All of a sudden, I could feel that death was approaching me. The distance between him and me was getting lesser and lesser. Why should I keep pushing my body? Even if I don’t die now, what am I going to achieve? Am I really of any use now? Many such thoughts began to take over the mind. With all these thoughts constantly running in my mind, I sent a message to Aditya, “You have done a lot. I have anyways become useless now. There is nothing left for me to do now. Let me go!” Aditya must have been awake at home.
He was expecting that his dad was going to come back soon. My message shocked him. (I found out about this later.) But he still gathered all the courage and called me.
“What have you taught us so far? You have guided at least 20-22 kids like me so far. What will they think if they come to know that you gave up? Have you ever thought about this?”
I did not expect this kind of answer from Aditya. I read my message again. After reading the message, I realized that I was wrong. Have I lost consciousness? Is my morale weak? No, no. That shouldn’t happen!”
I recovered. The gap between death and me has always been very narrow. Even now it remains the same. He must be hiding somewhere around me. Who anyway has control over him? No one has won the race between old age and death. Who am I to win it?
It was morning again. My bed was in front of a window. There was a big tree outside. A crow came and sat on its branch. I was just looking there. The mind began to wander again. “This must be waiting for my death.” As soon as my wandering mind became a little stable, I could think of a poem. I typed it on my mobile right away. I fell asleep again. I was so tired even with just a bit of overthinking. A short nap cleared my mind. Now I was not going to die. I had already said hello to death in the morning. This was my second severe illness. I told myself now there won’t be anymore chances. I must be ready now. When he comes, I would say, “Hello, Mr. Death. Let go.” Whatever I have gathered so far, leave it all here and walk the path of the unknown. How would that path be? Well, no one has ever come back to tell this.
The daily conversations with Aditya continued.
During the last five-six days, they shifted me to the general ward. It was a different world. Patients were talking to each other. We all used to be so hungry. We would get ready even before tea and breakfast. We started to put / remove the oxygen mask whenever we wanted. We started walking towards the toilet on our own. We would get tired but it was a welcome step for us. This was our great achievement.
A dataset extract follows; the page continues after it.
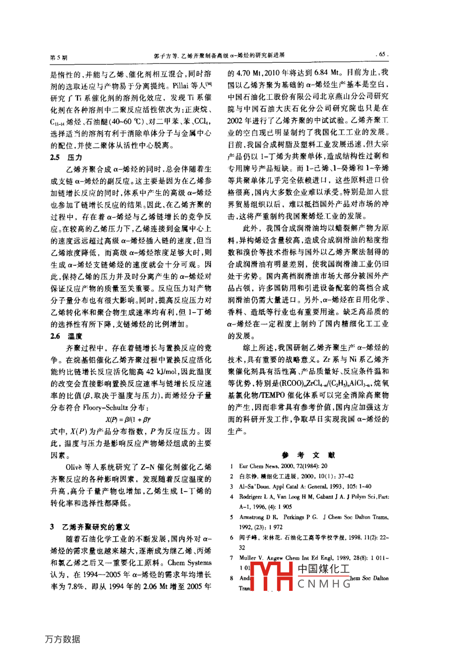 綜述成樹脂及塑料,2003,20(5):61CHINA SYNTHE TIC RESIN AND PLASTICS乙烯齊聚制備高級(jí)α-烯烴的研究新進(jìn)展郭子方陳偉(中國(guó)石油化工股份有限公司北京化工研究院,北京,100013)糜家鈴(中國(guó)石油化工股份有限公司北京燕山分公司研究院,北京,102500)(中國(guó)礦業(yè)大學(xué),北京,100083摘要:介紹了國(guó)內(nèi)外乙烯齊聚催化劑的研究進(jìn)展對(duì)乙烯齊聚催化體系的影響因素(配體、助化劑第組分、溶劑、壓力和溫度等)進(jìn)行了分析。針對(duì)我國(guó)乙烯齊聚研究的差距與不足,指出應(yīng)加快zr系及N系乙烯齊聚催化劑的研究關(guān)鵪詞:乙烯a-烯烴齊聚近年來,隨著烯烴工業(yè)和精細(xì)化工工業(yè)的發(fā)入成倍增加,各種類型的催化體系層出不窮,齊聚展,線型α-烯烴的需求迅速增加,發(fā)展成為一種技術(shù)也有了很大的發(fā)展?,F(xiàn)在已報(bào)道的催化體系重要的有機(jī)化工原料,其用途十分廣泛。通常,主要有:烷基鋁類系、zr系、N系Cr系FeG~C低碳線型α-烯烴可用作低密度聚乙烯系Co系、W系以及最近開始研究的離子液體等(LDPE)和線型低密度聚乙烯①LDPE)的共聚單體Cw以及部分C和Ca2可用以制備聚α-烯烴1乙烯齊聚制備a-烯烴催化劑的分類(PAO),用于生產(chǎn)航空、耐燃燒以及在惡劣環(huán)境下11烷基鋁類催化劑使用的高級(jí)潤(rùn)滑油;C~Cα-烯烴用于制備高烷基鋁催化乙烯齊聚制備線型高級(jí)α-烯烴級(jí)洗滌劑、表面活性劑、化妝品、合成調(diào)味品等;的技術(shù)是最早開發(fā)出來的乙烯齊聚技術(shù),也是迄C:及其以上的a-烯烴可直接或間接用于潤(rùn)滑油今為止工業(yè)生產(chǎn)a-烯烴的主要方法之添加劑及鉆井液、粘合劑密封劑和涂料等;同時(shí)用于催化乙烯齊聚的催化劑主要是三乙基線型a-烯烴還用于合成增塑劑、環(huán)氧化物、胺、直鋁,其催化理論主要是以 Ziegler發(fā)明的兒種反應(yīng)鏈硫醇、脂肪酸以及各類添加劑、低粘性合成油為基礎(chǔ)。烷基鋁催化劑催化乙烯聚合時(shí)因?yàn)榫酆蠗l件苛刻催化劑產(chǎn)率低、產(chǎn)品質(zhì)量不好,逐漸被a-烯烴的生產(chǎn)方法主要有烷烴脫氫法蠟裂新出現(xiàn)的催化劑所替代解法、萃取分離法以及乙烯齊聚法等。目前,工業(yè)12T系催化劑上主要采用乙烯齊聚法制備α-烯烴,烷烴脫氫和Ti系催化劑是研究最早的乙烯齊聚絡(luò)合催蠟裂解等其他方法均因收率低、成本高、產(chǎn)品質(zhì)化劑。該催化體系主要包括TORa、TiC4、Cp2TiCl2不好和工藝復(fù)雜等原因逐漸淡出。據(jù)統(tǒng)計(jì),等圍。其中,研究最多的為TiOR-AR3催化體2000年全球-烯烴生產(chǎn)能力為292Mua,其中275Mta均為乙烯齊聚法,約占總生產(chǎn)能力的收稿日期:2002-11-25修改稿收到日期:203-0626聚烯烴茂金屬催80年代以來,乙烯齊聚的研究愈來愈得到廣中國(guó)煤化工篇。聯(lián)系電話泛重視。各國(guó)在乙烯齊聚制備α烯烴上的科研投CNMHGniciac.cn合皮樹腳及塑料203年第20卷系,R為C1~C6的烷基,R為C1~C8的烷基或芳Ti系絡(luò)合催化劑的反應(yīng)條件大大優(yōu)于經(jīng)典基烷基鋁催化體系,但活性低,CCm烯烴選擇性不許多學(xué)者對(duì)T系催化劑的催化機(jī)理也進(jìn)行高。T系催化劑的開發(fā)使得乙烯齊聚催化劑的研了深入的研究,并提出了各種機(jī)理,其中尤以雙金究前進(jìn)了一大步。屬中心和環(huán)化機(jī)理得到了普遍認(rèn)可。1964年,13N系催化劑Cosee首先提出了這種雙金屬中心的機(jī)理N系催化劑具有活性高、反應(yīng)條件溫和,價(jià)Cose認(rèn)為,烷氧基橋聯(lián)的Ti-Al是乙烯二聚的格便宜等優(yōu)點(diǎn)。就直鏈α-烯烴含量、純度、產(chǎn)品活性中心,并認(rèn)為活性組分為八面體配合物。與催化劑的分離以及催化劑循環(huán)使用等方面來rodrnigerz、 Armstrong和 Novaro等人的進(jìn)一步理說鎳鰲合物催化劑體系都是優(yōu)秀的體系之一。論研究表明,齊聚的鏈增長(zhǎng)及B-H轉(zhuǎn)移均由Ti1.31Ni系催化劑體系的d軌道決定,并逐漸形成了其齊聚機(jī)理。自從 Shell公司開發(fā)鎳螯合物催化劑的殼牌1980年,Daa等人提出了環(huán)化機(jī)理,認(rèn)為在高級(jí)烯烴工藝過程(SHOP以來,大量的Ni系催乙烯齊聚的過程中2個(gè)烯烴分子與1個(gè)T原子化體系被開發(fā)出來,有零價(jià)N配合物,也有2價(jià)相偶合,形成環(huán)戊烷活性中間體。N配合物,其中典型的Ni系催化劑體系見表1。囊1N系乙齊聚催化荊Tab. I Ni-based ethene oligomerization catalysts催化體系反應(yīng)條件NiCl, 6H,O/NaBH,Ph2PCHCOOH HOCH2OH, 3.45 MPA,8%-20%C,31%C2300g/(gh75℃75min20%CxNiX NaBH/ Ph PCH CH, COOH/PPh, HO(CH-OH, 4.05 MPA.41%C·40.5%C1000g(g-h)185%C孟C】,6 HO/NaBH/鄰二苯基膦酸二甲基乙酰胺,4,7MPa67%C…,95%-100%a-烯烴轉(zhuǎn)化率為81%一線型率為100%NCOD》(H1PH七氟丁酸戊醇,482MPa1860g/(gh)NCOD/PCHC0H或HO(CH2OH, 5.0 MPNi(CODHRP(OR)CHCOCH,97%G轉(zhuǎn)化率為80%R為烷基Ni(COD2或Ni烷基》9-羧基芳族溶劑996%線型α-烯烴6 000 mol/mol甲基-9膦釀-二環(huán)(3,3,1)壬烷Ph(PPh,)Ni[Ph- PCHC(Ph)oJ甲苯,50MPa75℃98%α-烯烴線型率為99Ni(COD)Ph2_ COOH98%-99%C3芳族溶劑91%-烯烴000ggPh2PC( So, NajC(Ph)OyCH)A極性溶劑,148MPa50℃Al/Ni為200,(OCHn為0,1,2(R'RRORNIZRRC(R) C(R) M] CHOH/H2 0. 20-100C,48%C452%CnR-為HCa烷基,Cn芳基007-207MPa擇性為909M為S0;Z為 PAsSbNi(Ⅱy有機(jī)酸環(huán)丁鍋NaBH4環(huán)丁砜,655MPa,80℃大于17000g/

At night we were instructed to sleep with oxygen masks on. They just wanted to make sure nothing goes wrong.
In Covid, your mental and physical strength gets tested to its limit. You get completely exhausted. If you have a simple motto of ‘Eat whatever comes in front of you and keep drinking warm water.’ half the battle is won.
During these 19-20 days at the hospital, I removed the thought of ‘bathing’ from my mind. It was just not possible. The body did not have that much strength. (When I came home, I took long showers for 2-3 days. But I used to break into sweat while drying myself with the towel. I had become so weak.)
I used to think about when I will be released from this place? But I had decided not to leave until my doctor said, “You can go home.” I was sure that I had won this battle. Other patients used to get worried about the hospital bill. I was fortunate enough to not think about that. I used to interact with my son once or twice a day. He was my source of energy.
A small piece of advice from my own experience. Those who are unfortunate and get contracted , should use their own willpower. Their beloved people should keep boosting their morale. They should also find ways to raise money to pay the bill. God does not pay your bills. Your own people only have to do it. There are many who pretend to be sad. They should be forgiven generously. This helps to reduce your mental fatigue.